The cell cycle pathway is a unidirectional process that governs cell division. This process, which cannot be reversed once started, is critical for cell survival. The cell cycle typically involves four phases: S phase, in which DNA is replicated, M phase, in which chromosomes are separated and two distinct cells are formed, and G1 and G2 phases during which the cell is preparing for cell division. The majority of the cell cycle pathway is regulated by two classes of proteins: cyclin-dependent kinases (CDKs) and cyclins. Cyclins and CDKs form complexes that enable CDKs to phosphorylate and activate specific cell cycle intermediates. In the initial stages of the cell-cycle signal, cyclin D will bind to CDK4 and this complex will phosphorylate the retinoblastoma (Rb) gene[1]. During a quiescent state, Rb is bound to DNA and blocks the transcription of specific genes. After phosphorylation, Rb becomes unbound and genes necessary for the cell cycle are now accessible.

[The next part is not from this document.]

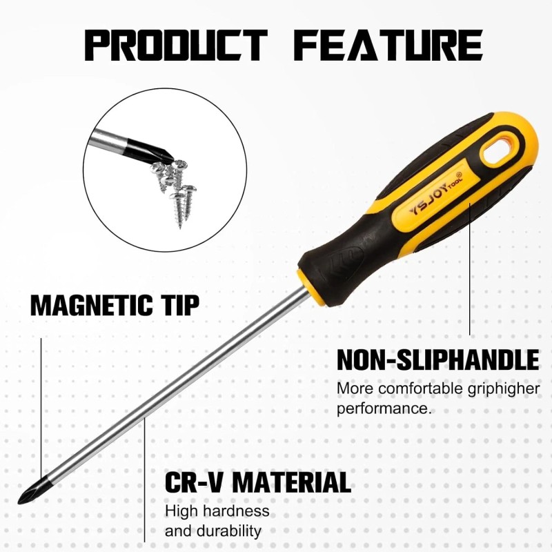 YSJOYTOOL 14-Piece Magnetic Screwdriver Set, 5 Phillips and 5 Flat Tips with ...

The cell cycle pathway is a highly-regulated process that incorporates three major checkpoints. The first checkpoint is the G1 checkpoint, which determines whether or not a cell will enter into the cell division process. The second checkpoint, G2, will determine if the cell will enter into mitosis. Both the G1 and G2 checkpoints can be affected by the presence or absence of various growth factors, DNA damage, or replicative senescence. The final checkpoint, metaphase, ensures proper chromosome alignment prior to cell division. The cell cycle pathway is intrinsically linked to cell survival and cell death. For instance, failure of a cell to meet the requirements of the individual cell cycle checkpoints will result in the cell undergoing apoptosis.

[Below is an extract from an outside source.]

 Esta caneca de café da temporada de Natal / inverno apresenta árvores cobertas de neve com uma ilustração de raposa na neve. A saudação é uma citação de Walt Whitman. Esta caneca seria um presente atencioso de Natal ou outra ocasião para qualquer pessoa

In cancer, the cell cycle checkpoints are often dysfunctional. Checkpoint proteins, such as Rb or p53, are often mutated or inactivated and this can result in cell division despite incomplete DNA synthesis and segregation errors. Inappropriate continuation of the cell cycle can lead to genomic instability, which is a common feature of malignant cells.
1. Nigg. 1995. Cyclin-dependent protein kinases: key regulators of the eukaryotic cell cycle. Bioessays. 17(6):471-80.